Everything from the first line of the material below through the line containing "- [PRODUCT DESCRIPTION]" must be retyped exactly, and nothing past it.
----------------------------------------
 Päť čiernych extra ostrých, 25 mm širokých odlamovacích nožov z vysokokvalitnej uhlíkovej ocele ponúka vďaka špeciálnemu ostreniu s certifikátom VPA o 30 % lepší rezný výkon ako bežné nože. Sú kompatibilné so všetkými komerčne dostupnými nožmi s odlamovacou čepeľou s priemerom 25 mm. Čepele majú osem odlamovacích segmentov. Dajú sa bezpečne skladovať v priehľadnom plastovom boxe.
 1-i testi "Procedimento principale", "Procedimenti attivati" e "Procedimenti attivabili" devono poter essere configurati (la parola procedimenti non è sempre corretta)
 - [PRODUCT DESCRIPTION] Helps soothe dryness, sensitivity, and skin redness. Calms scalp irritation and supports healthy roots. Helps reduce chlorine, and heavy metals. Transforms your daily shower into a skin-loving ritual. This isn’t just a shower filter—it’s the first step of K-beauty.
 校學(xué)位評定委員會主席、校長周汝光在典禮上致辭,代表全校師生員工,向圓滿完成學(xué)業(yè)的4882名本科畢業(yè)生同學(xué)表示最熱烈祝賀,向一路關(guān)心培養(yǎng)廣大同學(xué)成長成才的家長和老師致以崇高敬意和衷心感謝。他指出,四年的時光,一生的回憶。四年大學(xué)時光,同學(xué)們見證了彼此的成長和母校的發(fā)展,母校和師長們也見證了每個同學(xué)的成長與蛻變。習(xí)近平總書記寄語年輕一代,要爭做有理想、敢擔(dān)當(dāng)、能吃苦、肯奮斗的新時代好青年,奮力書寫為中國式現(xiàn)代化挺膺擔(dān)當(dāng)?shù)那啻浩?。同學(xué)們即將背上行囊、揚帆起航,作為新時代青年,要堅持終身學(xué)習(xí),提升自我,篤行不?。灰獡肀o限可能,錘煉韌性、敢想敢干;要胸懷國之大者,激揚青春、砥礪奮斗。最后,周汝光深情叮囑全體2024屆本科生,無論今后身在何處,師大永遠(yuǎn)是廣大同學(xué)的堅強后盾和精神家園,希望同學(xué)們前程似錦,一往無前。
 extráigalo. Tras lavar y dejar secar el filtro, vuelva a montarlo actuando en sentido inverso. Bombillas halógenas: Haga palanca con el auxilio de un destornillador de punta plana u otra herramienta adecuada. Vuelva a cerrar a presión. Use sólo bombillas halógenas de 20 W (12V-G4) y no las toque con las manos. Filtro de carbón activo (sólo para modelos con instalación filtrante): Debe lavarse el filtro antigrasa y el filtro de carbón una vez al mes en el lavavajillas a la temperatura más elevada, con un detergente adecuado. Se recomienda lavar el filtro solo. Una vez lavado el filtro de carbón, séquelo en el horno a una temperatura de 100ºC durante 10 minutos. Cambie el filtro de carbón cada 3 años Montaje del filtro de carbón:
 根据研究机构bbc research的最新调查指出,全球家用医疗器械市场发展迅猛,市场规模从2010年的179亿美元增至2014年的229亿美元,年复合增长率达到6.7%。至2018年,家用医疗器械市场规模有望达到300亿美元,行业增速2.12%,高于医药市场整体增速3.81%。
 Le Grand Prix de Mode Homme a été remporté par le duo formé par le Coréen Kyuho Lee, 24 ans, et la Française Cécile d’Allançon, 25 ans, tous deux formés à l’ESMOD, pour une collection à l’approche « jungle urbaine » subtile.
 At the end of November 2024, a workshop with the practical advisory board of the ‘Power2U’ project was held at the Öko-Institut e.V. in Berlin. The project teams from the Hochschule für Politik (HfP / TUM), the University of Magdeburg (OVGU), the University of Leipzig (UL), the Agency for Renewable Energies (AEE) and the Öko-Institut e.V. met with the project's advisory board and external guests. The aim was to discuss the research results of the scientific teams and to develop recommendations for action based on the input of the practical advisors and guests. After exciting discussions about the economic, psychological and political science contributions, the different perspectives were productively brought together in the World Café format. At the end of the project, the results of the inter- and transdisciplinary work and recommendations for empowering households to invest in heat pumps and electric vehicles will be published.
----------------------------------------
#### Result of this exercise
 Päť čiernych extra ostrých, 25 mm širokých odlamovacích nožov z vysokokvalitnej uhlíkovej ocele ponúka vďaka špeciálnemu ostreniu s certifikátom VPA o 30 % lepší rezný výkon ako bežné nože. Sú kompatibilné so všetkými komerčne dostupnými nožmi s odlamovacou čepeľou s priemerom 25 mm. Čepele majú osem odlamovacích segmentov. Dajú sa bezpečne skladovať v priehľadnom plastovom boxe.
 1-i testi "Procedimento principale", "Procedimenti attivati" e "Procedimenti attivabili" devono poter essere configurati (la parola procedimenti non è sempre corretta)
 - [PRODUCT DESCRIPTION] Helps soothe dryness, sensitivity, and skin redness. Calms scalp irritation and supports healthy roots. Helps reduce chlorine, and heavy metals. Transforms your daily shower into a skin-loving ritual. This isn’t just a shower filter—it’s the first step of K-beauty.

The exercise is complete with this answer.